The specific motifs reported here may provide a useful addition to protein structure prediction efforts based on fragment assembly methods. In particular, protein fragments drawn from conventional secondary structure categories (α-helix and β-sheet) are insufficient to cover the full three-dimensional structure of a protein. This deficit in fragment coverage is known to occur in “coil” regions of the protein (Etchebest et al. 2005). Even a highly approximate specification of the protein's backbone dihedral angles is sufficient to recover full tertiary structure for segments of α-helix or β-strand (Gong et al. 2005; Fleming et al. 2006)—but not the interconnecting loops. Consequently, recognizable motifs drawn from the coil library have the potential to expand the repertoire of known fragments and reduce the fraction of undifferentiated “coil.”
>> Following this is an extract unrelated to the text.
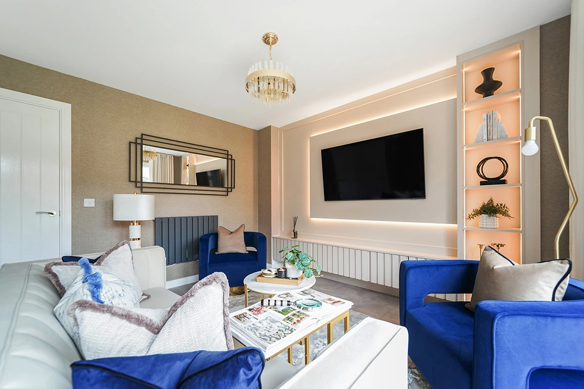We transformed this brand-new 3-bedroom property in Luton into a warm, stylish, and functional family home. With a palette of soft neutral tones, elegant royal blue accents, and carefully curated furnishings, every element was designed to reflect the clients’ lifestyle and vision. From sleek designer radiators to a bespoke TV media wall, the home was elevated with thoughtful details that blended style and practicality, creating serene, welcoming spaces ready for a growing family.
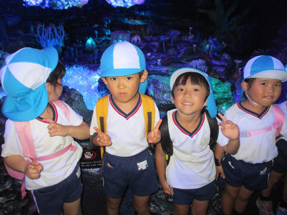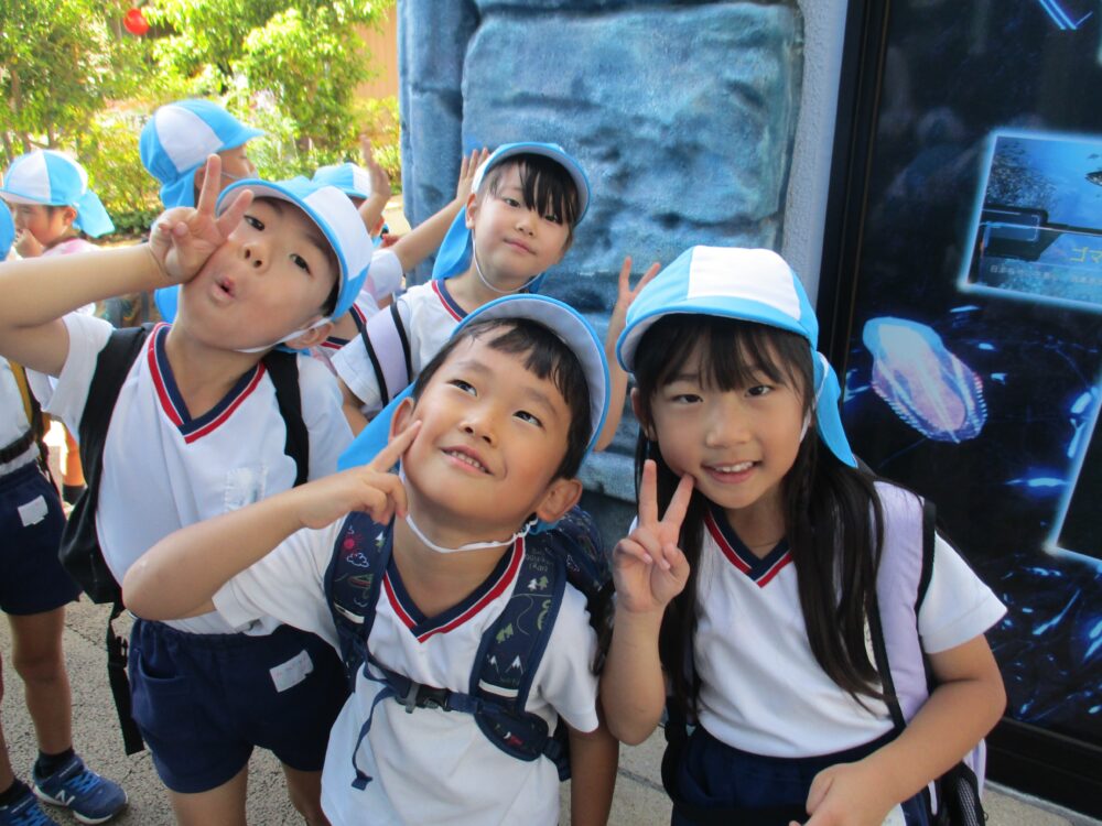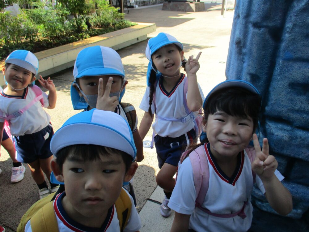 年長組さんが遠足に行きました 2025年10月17日 第二耕雲寺幼稚園 雨や曇りの天気が続いている中、年長組さんの遠足の日は気持ちの良い快晴で絶好の遠足日和。深海水族館や沼津港大型展望水門びゅうお、港口公園に行きました。思い出に残る遠足だったね。 出発~

The remaining, unclassified 24% of the coil library includes noncanonical turns (Street et al. 2007), helix caps (Aurora and Rose 1998), and short segments (≤3 residues) that interconnect various motifs. Previous work demonstrated that hydrogen bonding and steric constraints impose significant conformational restrictions on these short linkers (Fitzkee and Rose 2005). It remains to be explored whether such segments can be further classified into a limited repertoire of motif connectors.
Materials and Methods
Structure selection
Coil segments and their parent protein structures were extracted from the Protein Coil Library (Fitzkee et al. 2005b) and the Protein Data Bank (Berman et al. 2000), respectively, based on the 9/3/07 PISCES list (Wang and Dunbrack Jr. 2003) of structures with resolution of 2 Å or better, R-factor ≤0.25, and sequence similarity ≤90%. Protein Data Bank segments with three or fewer residues and residues lacking defined φ,ψ angles or having nonstandard amino acids were removed from the data set, resulting in the 1,594,338 residues used in the analysis.
Contour plots
Contour plots were generated from binned φ,ψ distributions. In all cases except Figure 2, φ,ψ space was partitioned into 5° × 5° grid squares (i.e., 72 × 72 bins), and the φ,ψ angles under consideration were mapped into their appropriate bin. Bins were weighted on a relative scale with 11 levels, listed here in decreasing order: 95%–100% of the most populated bin, then nine equal decades descending from 95%–85% to 15%–5%, and a final 11th level of 5%–0%, that is not shown. Figure 2 was contoured similarly, using 2° × 2° grid squares (i.e., 180 × 180 bins) and 16 contour levels, analogously spaced with 3.3% increments in the first and 16th levels, and 6.7% increments in between.
Spillover of marginally disallowed conformers
An ostensibly disallowed backbone conformer was nevertheless classified as a clash-free conformation if its backbone dihedral angles fell within the same 5° × 5° bin as any sterically allowed point on the canonical Ramachandran plot (Ramachandran and Sasisekharan 1968). The conformer was considered to be within 15° (30°) of a sterically allowed conformation if its displacement from the closest allowed point spanned no more than three (six) contiguous bins.
Hydrogen bonding criteria
Hydrogen bond recognition was based on three criteria (Kortemme et al. 2003): (1) distance (donor, acceptor) ≤3.5 Å, (2) scalar angle N-H-O ≥ 100°, and (3) scalar angle H-O-C ≥ 90°. The distance and N-H-O angle criteria were tightened slightly for a hydrogen-bonded inverse γ turn by reducing the maximum hydrogen-bonding distance to 2.7 Å and increasing the minimum N-H-O scalar angle to 110°.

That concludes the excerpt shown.